DESCRIPTION OF THE TASK:
Extract the records in full, leaving every picture out.

INFORMATION GIVEN:
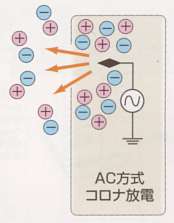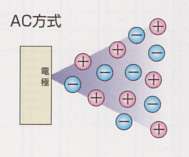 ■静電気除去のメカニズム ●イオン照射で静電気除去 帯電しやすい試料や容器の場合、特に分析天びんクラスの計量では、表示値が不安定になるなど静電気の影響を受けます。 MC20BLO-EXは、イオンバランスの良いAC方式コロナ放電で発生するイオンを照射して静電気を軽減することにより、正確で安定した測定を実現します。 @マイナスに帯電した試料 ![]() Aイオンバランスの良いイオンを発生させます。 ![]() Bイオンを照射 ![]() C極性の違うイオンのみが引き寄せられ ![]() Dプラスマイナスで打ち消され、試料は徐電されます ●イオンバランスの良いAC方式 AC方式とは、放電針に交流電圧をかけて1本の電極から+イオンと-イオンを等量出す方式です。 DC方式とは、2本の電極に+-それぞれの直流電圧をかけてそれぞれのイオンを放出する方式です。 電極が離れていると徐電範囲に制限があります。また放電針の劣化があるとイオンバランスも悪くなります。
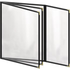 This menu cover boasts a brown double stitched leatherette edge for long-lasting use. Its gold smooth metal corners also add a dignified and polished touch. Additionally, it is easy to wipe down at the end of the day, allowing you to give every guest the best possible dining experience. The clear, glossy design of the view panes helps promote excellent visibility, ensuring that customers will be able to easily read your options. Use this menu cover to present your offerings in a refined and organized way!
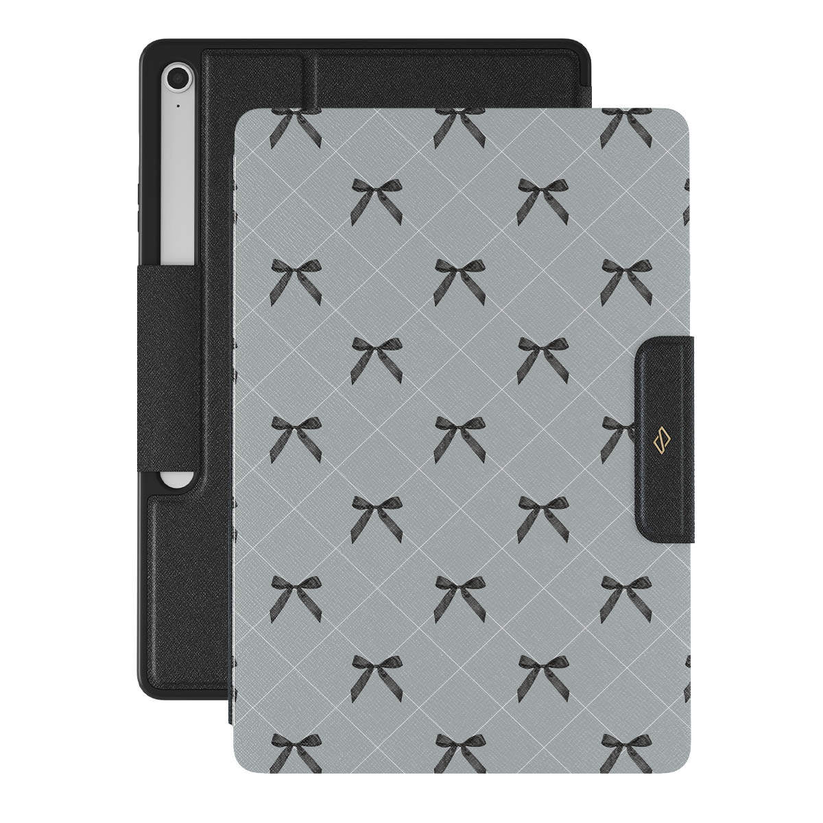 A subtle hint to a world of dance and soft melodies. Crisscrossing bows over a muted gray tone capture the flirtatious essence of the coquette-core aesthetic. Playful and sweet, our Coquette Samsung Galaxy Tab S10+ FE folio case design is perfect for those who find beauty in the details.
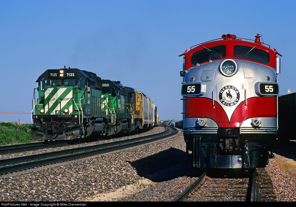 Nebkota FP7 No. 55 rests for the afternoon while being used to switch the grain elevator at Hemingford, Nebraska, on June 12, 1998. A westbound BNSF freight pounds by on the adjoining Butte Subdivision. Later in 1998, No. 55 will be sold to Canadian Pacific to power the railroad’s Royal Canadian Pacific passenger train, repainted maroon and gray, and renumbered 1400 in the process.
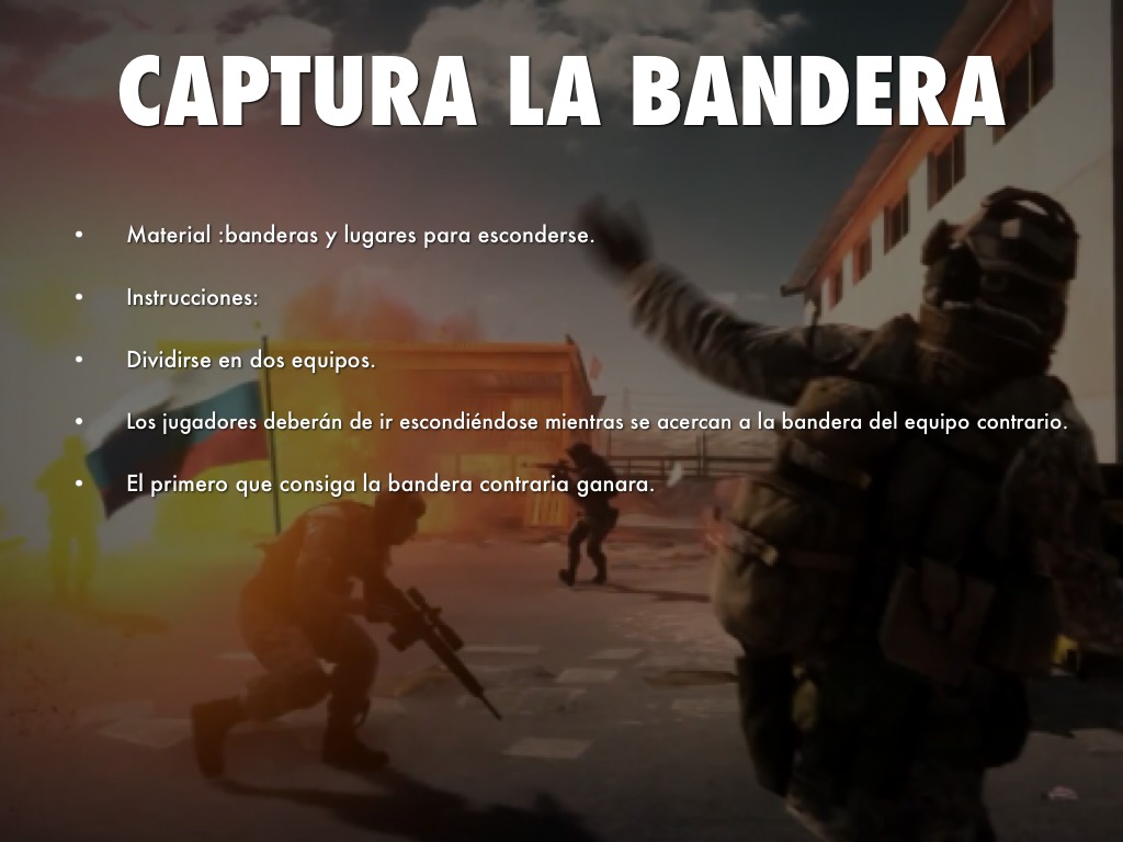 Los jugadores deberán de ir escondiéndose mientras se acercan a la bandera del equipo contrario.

SOLUTION TO THIS PROBLEM:
 ■静電気除去のメカニズム ●イオン照射で静電気除去 帯電しやすい試料や容器の場合、特に分析天びんクラスの計量では、表示値が不安定になるなど静電気の影響を受けます。 MC20BLO-EXは、イオンバランスの良いAC方式コロナ放電で発生するイオンを照射して静電気を軽減することにより、正確で安定した測定を実現します。 @マイナスに帯電した試料 ![]() Aイオンバランスの良いイオンを発生させます。 ![]() Bイオンを照射 ![]() C極性の違うイオンのみが引き寄せられ ![]() Dプラスマイナスで打ち消され、試料は徐電されます ●イオンバランスの良いAC方式 AC方式とは、放電針に交流電圧をかけて1本の電極から+イオンと-イオンを等量出す方式です。 DC方式とは、2本の電極に+-それぞれの直流電圧をかけてそれぞれのイオンを放出する方式です。 電極が離れていると徐電範囲に制限があります。また放電針の劣化があるとイオンバランスも悪くなります。
 This menu cover boasts a brown double stitched leatherette edge for long-lasting use. Its gold smooth metal corners also add a dignified and polished touch. Additionally, it is easy to wipe down at the end of the day, allowing you to give every guest the best possible dining experience. The clear, glossy design of the view panes helps promote excellent visibility, ensuring that customers will be able to easily read your options. Use this menu cover to present your offerings in a refined and organized way!
 A subtle hint to a world of dance and soft melodies. Crisscrossing bows over a muted gray tone capture the flirtatious essence of the coquette-core aesthetic. Playful and sweet, our Coquette Samsung Galaxy Tab S10+ FE folio case design is perfect for those who find beauty in the details.
 Nebkota FP7 No. 55 rests for the afternoon while being used to switch the grain elevator at Hemingford, Nebraska, on June 12, 1998. A westbound BNSF freight pounds by on the adjoining Butte Subdivision. Later in 1998, No. 55 will be sold to Canadian Pacific to power the railroad’s Royal Canadian Pacific passenger train, repainted maroon and gray, and renumbered 1400 in the process.
 Los jugadores deberán de ir escondiéndose mientras se acercan a la bandera del equipo contrario.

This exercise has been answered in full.